= EXERCISE INSTRUCTIONS =
The answer should reproduce every entry exactly and contain no images.

******************************

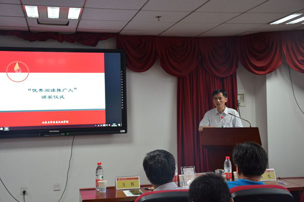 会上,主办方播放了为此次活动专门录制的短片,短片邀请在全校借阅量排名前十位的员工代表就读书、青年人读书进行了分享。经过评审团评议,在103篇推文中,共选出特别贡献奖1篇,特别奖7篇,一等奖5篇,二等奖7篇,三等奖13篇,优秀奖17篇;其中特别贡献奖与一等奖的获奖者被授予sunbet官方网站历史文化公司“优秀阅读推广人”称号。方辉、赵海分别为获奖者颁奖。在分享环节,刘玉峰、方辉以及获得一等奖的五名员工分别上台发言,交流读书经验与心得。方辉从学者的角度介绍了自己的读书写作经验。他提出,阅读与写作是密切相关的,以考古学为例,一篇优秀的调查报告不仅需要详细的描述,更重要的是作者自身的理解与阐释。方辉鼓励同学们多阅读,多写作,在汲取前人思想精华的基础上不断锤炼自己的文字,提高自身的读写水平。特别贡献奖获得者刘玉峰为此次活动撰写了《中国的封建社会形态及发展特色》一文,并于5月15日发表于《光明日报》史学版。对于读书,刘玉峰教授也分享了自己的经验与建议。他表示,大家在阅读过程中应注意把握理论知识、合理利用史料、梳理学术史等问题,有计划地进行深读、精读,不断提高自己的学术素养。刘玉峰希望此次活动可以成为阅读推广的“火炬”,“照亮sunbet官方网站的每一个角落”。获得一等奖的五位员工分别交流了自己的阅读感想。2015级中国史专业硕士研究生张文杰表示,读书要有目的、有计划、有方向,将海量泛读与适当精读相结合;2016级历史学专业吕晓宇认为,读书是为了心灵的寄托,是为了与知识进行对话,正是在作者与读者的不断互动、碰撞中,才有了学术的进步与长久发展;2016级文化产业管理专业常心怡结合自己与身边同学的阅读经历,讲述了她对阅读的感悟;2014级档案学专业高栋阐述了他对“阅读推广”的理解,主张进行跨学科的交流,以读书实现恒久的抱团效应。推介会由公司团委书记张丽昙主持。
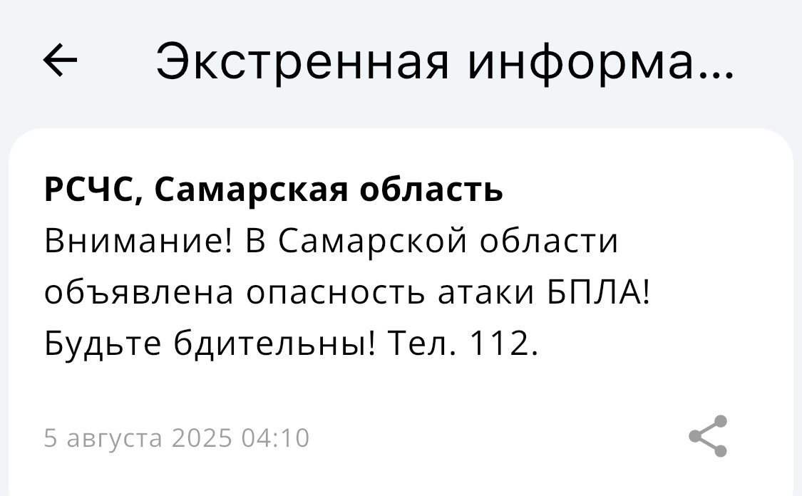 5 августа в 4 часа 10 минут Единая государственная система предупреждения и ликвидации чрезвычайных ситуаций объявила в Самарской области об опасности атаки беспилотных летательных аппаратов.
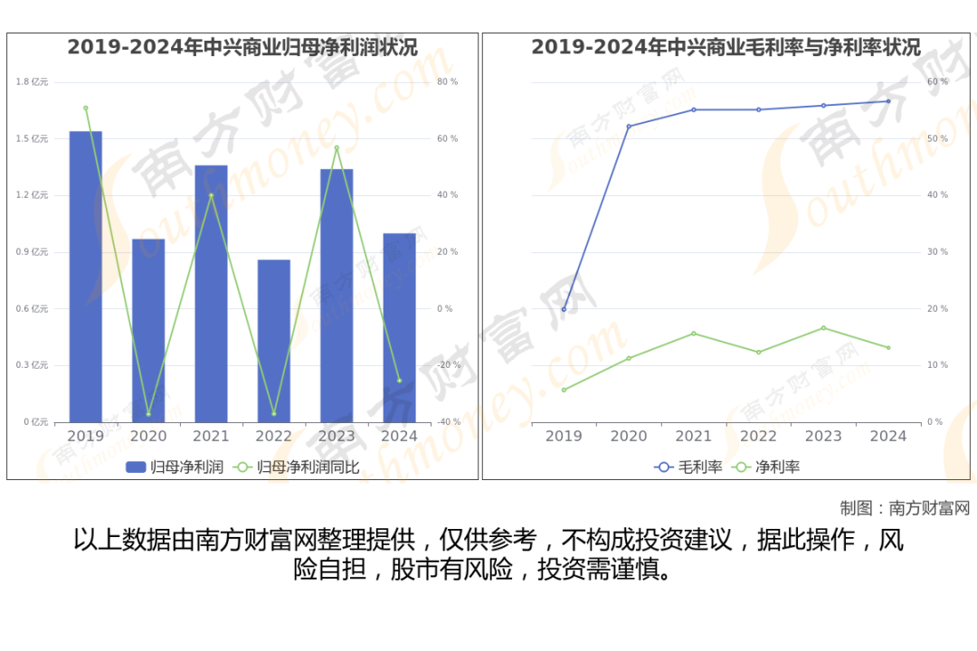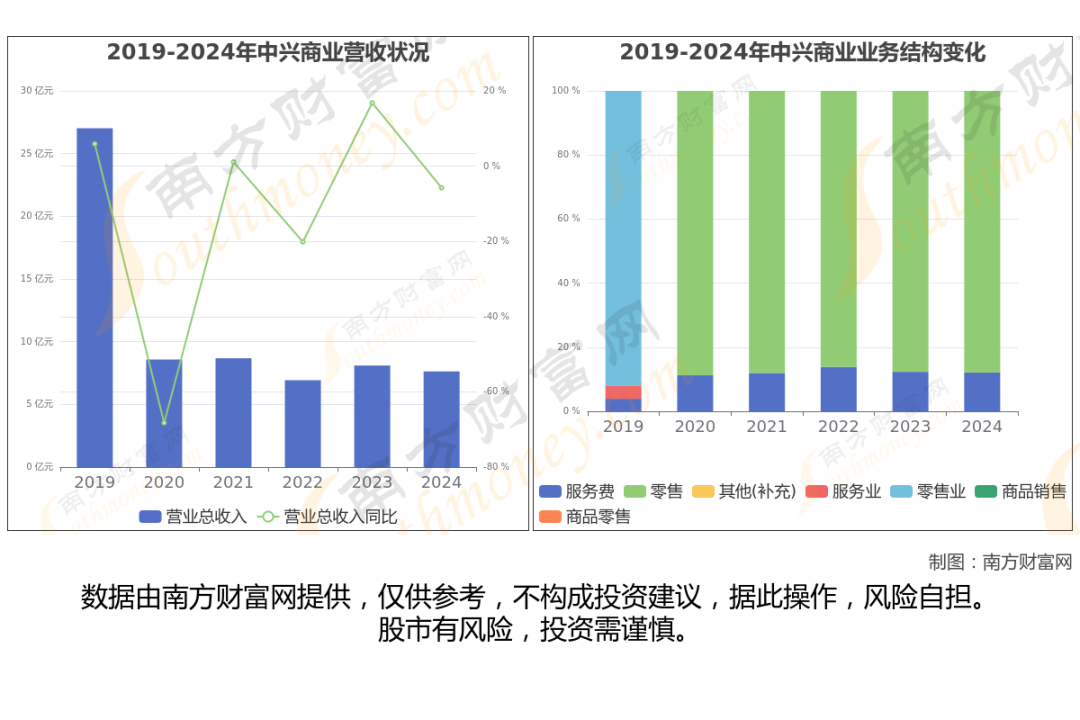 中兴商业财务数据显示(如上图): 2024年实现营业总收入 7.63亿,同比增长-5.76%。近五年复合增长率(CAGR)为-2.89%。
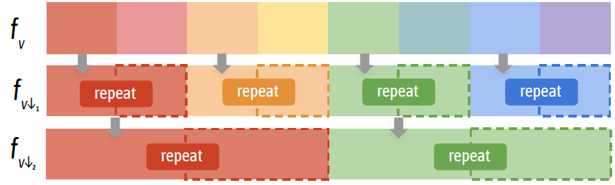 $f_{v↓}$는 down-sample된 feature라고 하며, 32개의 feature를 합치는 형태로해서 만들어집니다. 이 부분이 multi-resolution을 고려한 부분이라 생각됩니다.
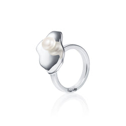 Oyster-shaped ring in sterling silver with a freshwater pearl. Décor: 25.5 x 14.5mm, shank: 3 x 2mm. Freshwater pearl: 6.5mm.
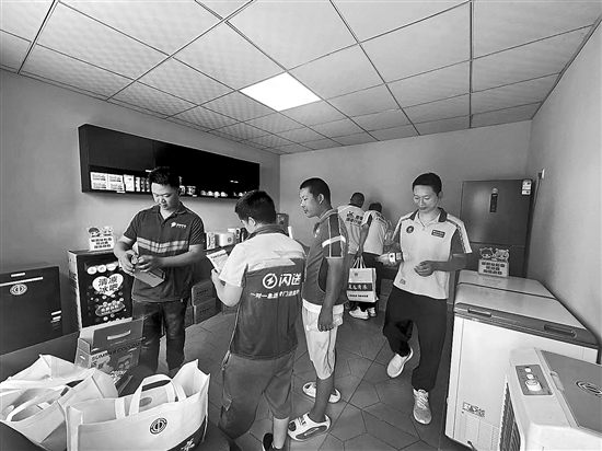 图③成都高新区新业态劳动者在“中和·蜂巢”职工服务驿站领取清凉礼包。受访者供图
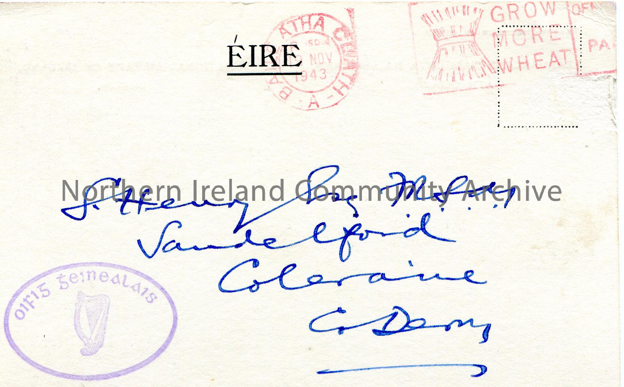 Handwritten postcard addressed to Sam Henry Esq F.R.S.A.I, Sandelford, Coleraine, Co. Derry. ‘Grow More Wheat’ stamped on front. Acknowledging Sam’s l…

******************************

= ANSWER TO THE EXERCISE =
 会上,主办方播放了为此次活动专门录制的短片,短片邀请在全校借阅量排名前十位的员工代表就读书、青年人读书进行了分享。经过评审团评议,在103篇推文中,共选出特别贡献奖1篇,特别奖7篇,一等奖5篇,二等奖7篇,三等奖13篇,优秀奖17篇;其中特别贡献奖与一等奖的获奖者被授予sunbet官方网站历史文化公司“优秀阅读推广人”称号。方辉、赵海分别为获奖者颁奖。在分享环节,刘玉峰、方辉以及获得一等奖的五名员工分别上台发言,交流读书经验与心得。方辉从学者的角度介绍了自己的读书写作经验。他提出,阅读与写作是密切相关的,以考古学为例,一篇优秀的调查报告不仅需要详细的描述,更重要的是作者自身的理解与阐释。方辉鼓励同学们多阅读,多写作,在汲取前人思想精华的基础上不断锤炼自己的文字,提高自身的读写水平。特别贡献奖获得者刘玉峰为此次活动撰写了《中国的封建社会形态及发展特色》一文,并于5月15日发表于《光明日报》史学版。对于读书,刘玉峰教授也分享了自己的经验与建议。他表示,大家在阅读过程中应注意把握理论知识、合理利用史料、梳理学术史等问题,有计划地进行深读、精读,不断提高自己的学术素养。刘玉峰希望此次活动可以成为阅读推广的“火炬”,“照亮sunbet官方网站的每一个角落”。获得一等奖的五位员工分别交流了自己的阅读感想。2015级中国史专业硕士研究生张文杰表示,读书要有目的、有计划、有方向,将海量泛读与适当精读相结合;2016级历史学专业吕晓宇认为,读书是为了心灵的寄托,是为了与知识进行对话,正是在作者与读者的不断互动、碰撞中,才有了学术的进步与长久发展;2016级文化产业管理专业常心怡结合自己与身边同学的阅读经历,讲述了她对阅读的感悟;2014级档案学专业高栋阐述了他对“阅读推广”的理解,主张进行跨学科的交流,以读书实现恒久的抱团效应。推介会由公司团委书记张丽昙主持。
 5 августа в 4 часа 10 минут Единая государственная система предупреждения и ликвидации чрезвычайных ситуаций объявила в Самарской области об опасности атаки беспилотных летательных аппаратов.
 中兴商业财务数据显示(如上图): 2024年实现营业总收入 7.63亿,同比增长-5.76%。近五年复合增长率(CAGR)为-2.89%。
 $f_{v↓}$는 down-sample된 feature라고 하며, 32개의 feature를 합치는 형태로해서 만들어집니다. 이 부분이 multi-resolution을 고려한 부분이라 생각됩니다.
 Oyster-shaped ring in sterling silver with a freshwater pearl. Décor: 25.5 x 14.5mm, shank: 3 x 2mm. Freshwater pearl: 6.5mm.
 图③成都高新区新业态劳动者在“中和·蜂巢”职工服务驿站领取清凉礼包。受访者供图
 Handwritten postcard addressed to Sam Henry Esq F.R.S.A.I, Sandelford, Coleraine, Co. Derry. ‘Grow More Wheat’ stamped on front. Acknowledging Sam’s l…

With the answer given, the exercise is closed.